Adar: I have heard that concern as well. I always tell patients that zirconia has a certain feel and sound. When you prepare the patient for that up front, there is typically no issue. I tell them it will be the most biocompatible material, it does not smell, and it has so many other benefits, but it does make a certain sound, like how glass against glass sounds different from wood against wood. Some people solve the problem with a plastic-type material on the mandibular, which works almost like a night guard, but that is subject to wear. I do a lot of dual arches and have never had problems.

IDT: Regarding long-term durability, how are these restorations holding up in the mouth?

Adar: Some of my dentists see their patients periodically and take the restorations out to change the screws, and what has shocked me is how clean they are, especially on the intaglio surface, if they were designed correctly. It is amazing. You need a modified ridge lap, not a ridge lap like on a denture, but I have seen great long-term results with no breakage or chipping because it is monolithic. The only time breakage occurs is when the impressions—and, thus, the models—are not accurate, because zirconia does not forgive. I teach a system that is very accurate for capturing impressions.

IDT: What is the repairability of these large zirconia cases?
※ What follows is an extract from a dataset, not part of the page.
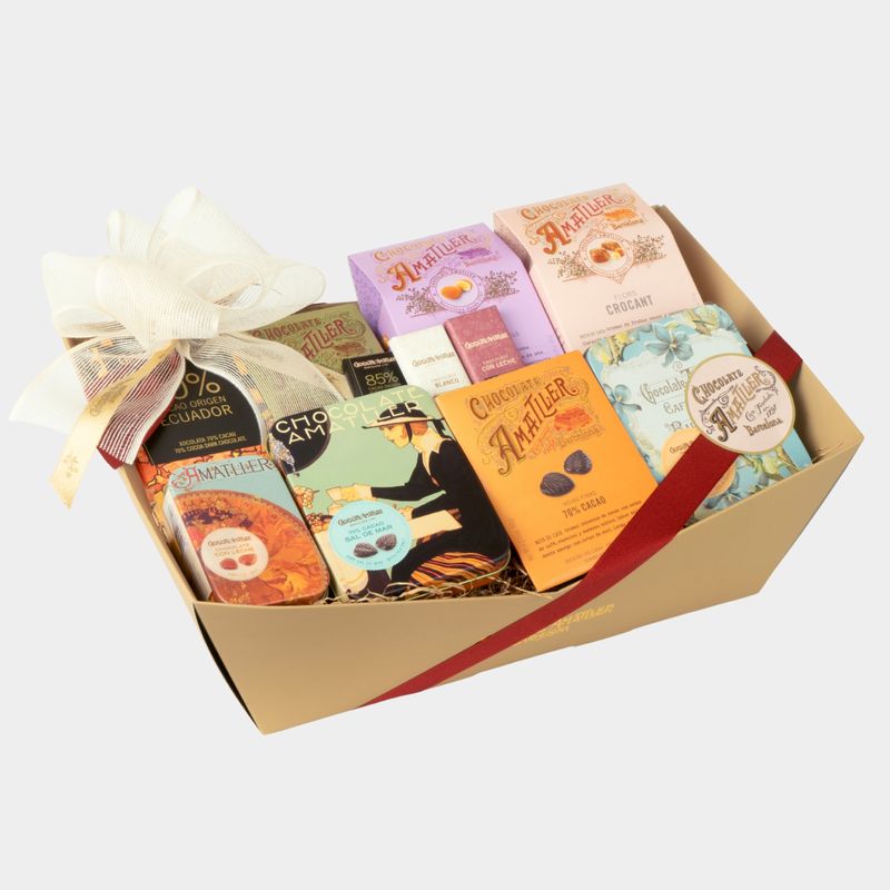 Cesta con 3 tabletas (70g), una con un 85% de cacao origen Ghana, una con un 70% de cacao origen Ecuador y la otra de cacao aromático orgánico de Perú con un 83% de cacao, 1 tableta (85g) con un 50% de cacao, 3 chocolatinas, una de chocolate blanco, una de chocolate con leche y la otra con un 85% de cacao origen Ecuador, bombones de crocant (chocolate con praliné de avellana con un punto salino al final), bombones de naranja en una lata metálica, hojas con un 70% de cacao y sal de mar, amatllons y 1 lata pequeña metálica con hojas de chocolate con leche. Esta es una cesta para regalar en aquellas ocasiones dónde sobran las palabras y reinan las emociones.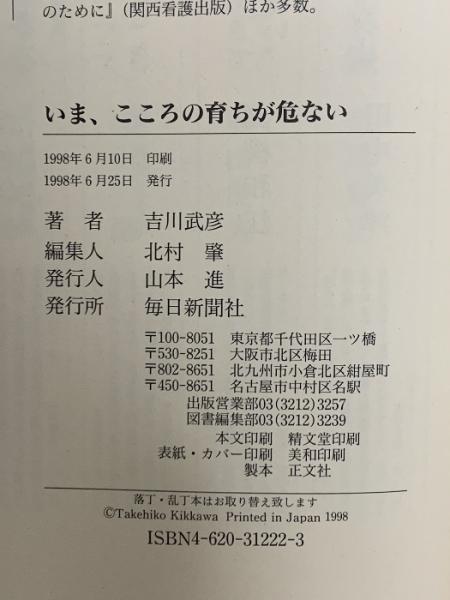 いま、こころの育ちが危ない 毎日新聞出版 吉川 武彦

Adar: You cannot repair zirconia. You need to redo it. If it breaks, you cannot solder it. However, there is a reason any time it breaks: either the wrong indication of space or an inaccurate model. Those are the risk factors that all dentists should know. I put it in big, bold text for my clients. If they provide X-rays, everything is accurate, and the space is adequate, the outcome will be successful. If there is insufficient space and they still want zirconia, we cannot guarantee success.
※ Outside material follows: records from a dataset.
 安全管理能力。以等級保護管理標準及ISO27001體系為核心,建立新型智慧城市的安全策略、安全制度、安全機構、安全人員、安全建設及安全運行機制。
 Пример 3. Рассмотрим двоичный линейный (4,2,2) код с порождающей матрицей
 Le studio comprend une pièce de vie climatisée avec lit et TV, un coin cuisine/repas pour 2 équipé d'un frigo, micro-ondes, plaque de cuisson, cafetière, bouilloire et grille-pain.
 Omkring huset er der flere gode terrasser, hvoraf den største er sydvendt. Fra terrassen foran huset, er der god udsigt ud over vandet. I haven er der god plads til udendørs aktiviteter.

Regarding adjustments, we are able to utilize a simple protocol with 3D printing. We duplicate the conversion with whatever changes are requested, and we use that as a reference. Alternatively, we can copy exactly what they have as a conversion, but once they try-in the printed version, they can make any modifications they desire, such as adding to the intaglio surface if they want adaptability, adjusting the bite, or moving the midline. We also can print a try-in of another design. But if the print is confirmed, and the bite and intaglio surface are perfect, we use that information to copy it. After it is copied and executed with zirconia, the typical delivery time we have now is 2 minutes, 20 seconds for dual arches with no adjustments, which is amazing. However, if additional modifications are requested—such as the patient complaining about a food trap, requiring more ceramic to be added—then we need to charge an additional fee because starting over to add ceramic underneath the intaglio is time-intensive. So, the best strategy is to do all the functional temporaries in the mouth via milling or printing; we print the try-in, adjust, the pink is waxed to see where the papillae are, and we go straight to the finish.

IDT: Do you polish or glaze?

Adar: I always polish. I have methods for polishing zirconia in the green state. I have found that it is really slick when it comes out after polishing that way. You can easily shine it up if around the gum if you want to. But I use liquid ceramics, not glaze.
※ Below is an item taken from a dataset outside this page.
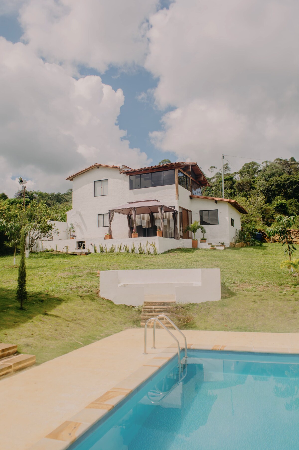 Finca de ensueño a 2 km del pueblo mas lindo de Colombia. Cuenta con piscina, zona bbq, capilla privada, mesa de ping pong, mesa de billar, estar de lectura y amplias zonas verdes para caminar. Las primeras 4 habitaciones cuentan con televisor y baño privado y la quinta es ideal para grupos grandes (tiene sus respectivos baños en la zona comunal). La Villa es el escenario perfecto para reunirse con la familia o los amigos y es ideal para eventos y matrimonios por su belleza y amplias plazoletas.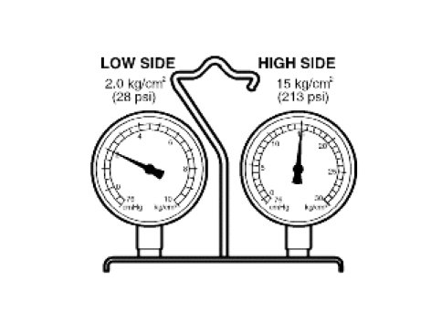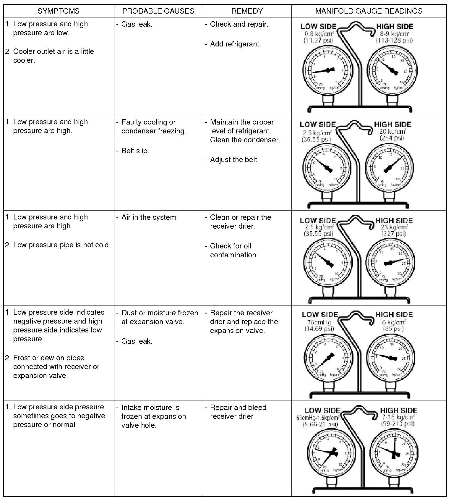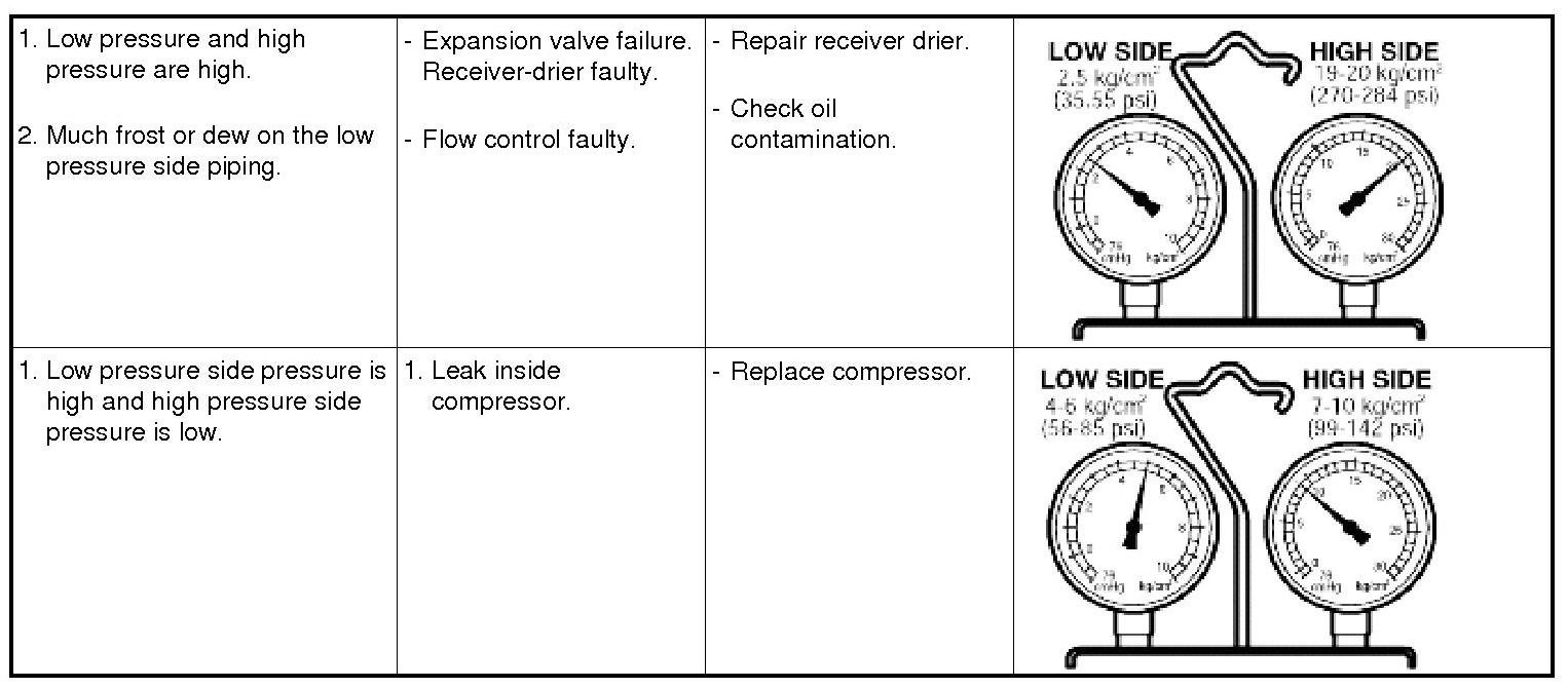If cooling cycle is operating normally, the manifold gauge reading will be approx. 21-28psi (1.5-2.0kg/cm2) for the low pressure side and approx. 206-213psi (14.5-15kg/cm2) for the high pressure side. Inlet temperature should be 30-35°C(80-95°F), with the engine at 2,000 rpm, maximum cooling selected, and the blower on highest level.

IDT: Does that affect the wear on other materials or natural dentition?

Adar: No. It is low-fusing and a very thin layer. It does not impact the bite unless you make it too thick.

IDT: In the end, why is zirconia your preference for full-arch restorations?

Adar: Every case has a shelf life. Certain materials may be beautiful at the time of delivery, and they may be called same-day permanent teeth, but they are not permanent; they are temporaries. Every product has its own indication. Zirconia is not for everything.

However, zirconia can look as beautiful as layered porcelain. In fact, I performed a double-blind study to make sure that my zirconia looks as good. For seven different types of cases, I fabricated two sets of each—one with a layered glass-ceramic, and one with my system for monolithic zirconia. I put them in A and B boxes and sent them to the dentists. I asked them to try-in each one and ask the patients which ones they preferred. All seven patients selected the solid zirconia. So, my conclusion is that we do not need to layer.